Kerry accuses Israeli right of sabotaging peace process
US Secretary of State John Kerry answers questions about Israel's invasion of Gaza and the current situation in Ukraine following a meeting with Ukrainian Foreign Minister Pavlo Klimkin at the State Department July 29, 2014 in Washington, DC.
AFPWashington, DC, United StatesDec 05, 2016, 04.59 AM
US Secretary of State John Kerry on Sunday accused right-wing Israelis of deliberately thwarting efforts to broker a peace deal with the Palestinians.
In unusually stark terms, Washington's top diplomat warned that Israeli settlement building was undermining any hope of an agreement to allow two states to live side-by-side.
At the Saban Forum, an annual gathering of senior Israeli and US policymakers, Kerry said some members of Prime Minister Benjamin Netanyahu's government had made "profoundly disturbing" statements.
"And more than 50 per cent of the ministers in the current government have publicly stated they are opposed to a Palestinian state and that there will be no Palestinian state," he said.
Earlier in the day, Netanyahu had addressed the forum via video link, arguing that Israeli settlement building was not an obstacle to peace.
Israel was ready for talks with no preconditions, he said, urging Arab governments to recognise the state of Israel.
However, Kerry dismissed the idea that more Arab states would strike peace deals with Israel without any moves towards an agreement with the Palestinians.
"There will be no advance and separate peace with the Arab world without the Palestinian process and Palestinian peace," he said. "Everybody needs to understand that. That is a hard reality."

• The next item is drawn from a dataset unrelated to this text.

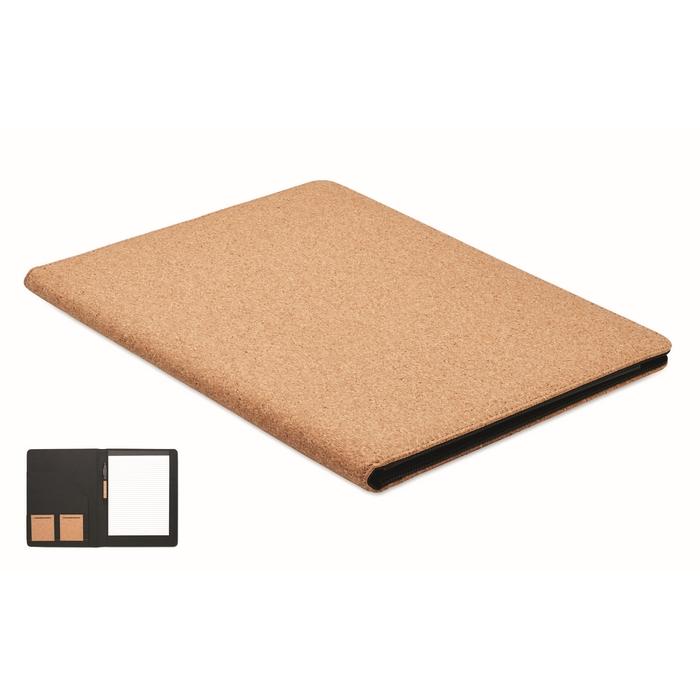 Conférencier A4 en liège. Bloc-notes A4 rechargeable. 30 feuilles lignées en papier recyclé. Stylo et porte-stylo assortis. 2 porte-cartes et un grand compartiment.

In the US government's view, Israel's accelerated building on Palestinian-owned land is not only an obstacle to peace but deliberately so, Kerry added.
"I'm not here to tell you that the settlements are the reason for the conflict, no, they're not," Kerry said.
"But I also cannot accept the notion that they don't affect the peace process, that they aren't a barrier to the capacity to have peace," he argued.
"And I'll tell you why I know that: because the left in Israel is telling everybody they are a barrier to peace and the right that supports it openly supports it because they don't want peace."
US President Barack Obama's administration, which comes to an end next month with no prospect of a revived peace process, has been frustrated by the attitude of Netanyahu's government.
Still, Kerry insisted Israel has no greater friend than Washington. Since he arrived at the State Department in February 2013, he has spoken to Netanyahu on 375 formally recorded occasions for more than 130 hours of discussions, he said.
Washington has opposed all attempts to pressure Israel through votes on United Nations bodies, he added, and has just signed a 10-year $38 billion military support deal, the biggest in US history.